### Data supplied

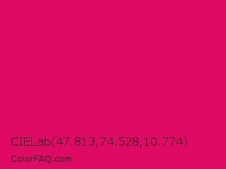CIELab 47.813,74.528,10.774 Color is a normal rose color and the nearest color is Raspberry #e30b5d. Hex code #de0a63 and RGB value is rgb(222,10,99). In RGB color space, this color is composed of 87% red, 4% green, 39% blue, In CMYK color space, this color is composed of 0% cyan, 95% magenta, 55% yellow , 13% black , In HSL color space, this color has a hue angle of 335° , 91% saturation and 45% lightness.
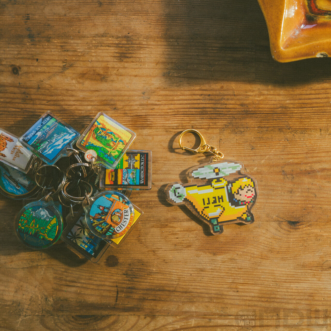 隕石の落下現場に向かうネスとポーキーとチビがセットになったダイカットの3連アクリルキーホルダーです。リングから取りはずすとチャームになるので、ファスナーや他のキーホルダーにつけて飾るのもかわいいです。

==

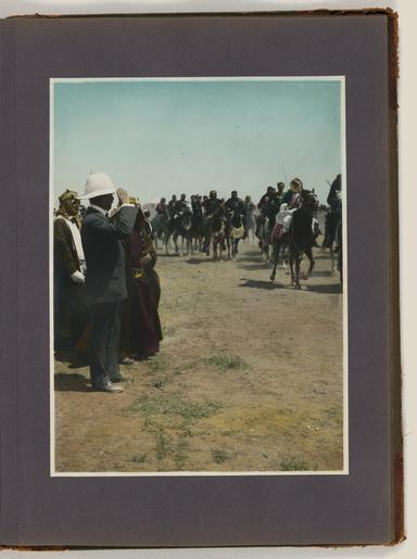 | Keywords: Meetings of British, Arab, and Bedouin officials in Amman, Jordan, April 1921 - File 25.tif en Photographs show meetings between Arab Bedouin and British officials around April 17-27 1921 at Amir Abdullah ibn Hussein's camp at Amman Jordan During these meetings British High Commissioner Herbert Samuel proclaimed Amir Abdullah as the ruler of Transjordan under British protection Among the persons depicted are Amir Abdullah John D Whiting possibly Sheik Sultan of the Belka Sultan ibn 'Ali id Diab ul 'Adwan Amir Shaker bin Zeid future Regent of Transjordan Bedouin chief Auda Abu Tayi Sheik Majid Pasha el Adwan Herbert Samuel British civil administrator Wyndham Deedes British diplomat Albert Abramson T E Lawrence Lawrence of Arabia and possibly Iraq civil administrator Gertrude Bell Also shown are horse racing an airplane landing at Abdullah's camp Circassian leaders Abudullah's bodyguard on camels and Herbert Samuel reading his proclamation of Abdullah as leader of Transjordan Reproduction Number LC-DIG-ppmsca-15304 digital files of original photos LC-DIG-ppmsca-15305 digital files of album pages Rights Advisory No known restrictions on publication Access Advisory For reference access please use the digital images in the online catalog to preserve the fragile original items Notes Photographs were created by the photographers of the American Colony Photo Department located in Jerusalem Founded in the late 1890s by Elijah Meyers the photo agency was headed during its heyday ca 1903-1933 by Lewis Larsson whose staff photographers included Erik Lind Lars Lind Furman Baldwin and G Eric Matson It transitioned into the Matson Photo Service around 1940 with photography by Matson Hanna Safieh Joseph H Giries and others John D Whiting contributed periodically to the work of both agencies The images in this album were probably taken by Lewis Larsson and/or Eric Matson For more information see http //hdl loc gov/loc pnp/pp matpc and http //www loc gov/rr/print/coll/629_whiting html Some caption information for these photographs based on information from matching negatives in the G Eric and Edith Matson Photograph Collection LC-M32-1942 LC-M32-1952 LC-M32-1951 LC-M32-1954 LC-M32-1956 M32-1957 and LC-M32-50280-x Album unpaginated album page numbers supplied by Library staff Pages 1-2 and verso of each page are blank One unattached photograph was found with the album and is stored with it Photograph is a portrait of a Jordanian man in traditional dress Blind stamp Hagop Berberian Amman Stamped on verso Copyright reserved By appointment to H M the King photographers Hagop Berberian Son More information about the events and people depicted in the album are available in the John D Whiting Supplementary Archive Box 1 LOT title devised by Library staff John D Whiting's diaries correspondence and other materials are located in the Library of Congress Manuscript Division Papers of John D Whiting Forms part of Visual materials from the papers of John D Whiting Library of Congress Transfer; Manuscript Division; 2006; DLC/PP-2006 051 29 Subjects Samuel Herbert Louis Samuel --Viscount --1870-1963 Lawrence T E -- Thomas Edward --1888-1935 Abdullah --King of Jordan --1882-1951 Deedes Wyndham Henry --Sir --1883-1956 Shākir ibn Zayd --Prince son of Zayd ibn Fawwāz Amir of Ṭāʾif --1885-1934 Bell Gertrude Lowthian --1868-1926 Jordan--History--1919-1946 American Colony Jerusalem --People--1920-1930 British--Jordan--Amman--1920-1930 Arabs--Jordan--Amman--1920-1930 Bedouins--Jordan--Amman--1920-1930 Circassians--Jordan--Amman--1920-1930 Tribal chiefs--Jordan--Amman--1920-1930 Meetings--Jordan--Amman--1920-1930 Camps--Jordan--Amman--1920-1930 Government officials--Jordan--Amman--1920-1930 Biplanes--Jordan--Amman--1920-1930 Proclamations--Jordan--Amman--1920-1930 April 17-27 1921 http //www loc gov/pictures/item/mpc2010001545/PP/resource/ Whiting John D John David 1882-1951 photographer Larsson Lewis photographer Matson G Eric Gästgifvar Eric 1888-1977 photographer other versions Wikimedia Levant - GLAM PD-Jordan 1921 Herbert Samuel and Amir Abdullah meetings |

### Work to be completed
Transcribe the listing above exactly, but only from the line with "CIELab 47.813,74.528,10.774 Color" through the line with "隕石の落下現場に向かうネスと". Include both of those lines and omit the pictures.

### Task solution
CIELab 47.813,74.528,10.774 Color is a normal rose color and the nearest color is Raspberry #e30b5d. Hex code #de0a63 and RGB value is rgb(222,10,99). In RGB color space, this color is composed of 87% red, 4% green, 39% blue, In CMYK color space, this color is composed of 0% cyan, 95% magenta, 55% yellow , 13% black , In HSL color space, this color has a hue angle of 335° , 91% saturation and 45% lightness.
 隕石の落下現場に向かうネスとポーキーとチビがセットになったダイカットの3連アクリルキーホルダーです。リングから取りはずすとチャームになるので、ファスナーや他のキーホルダーにつけて飾るのもかわいいです。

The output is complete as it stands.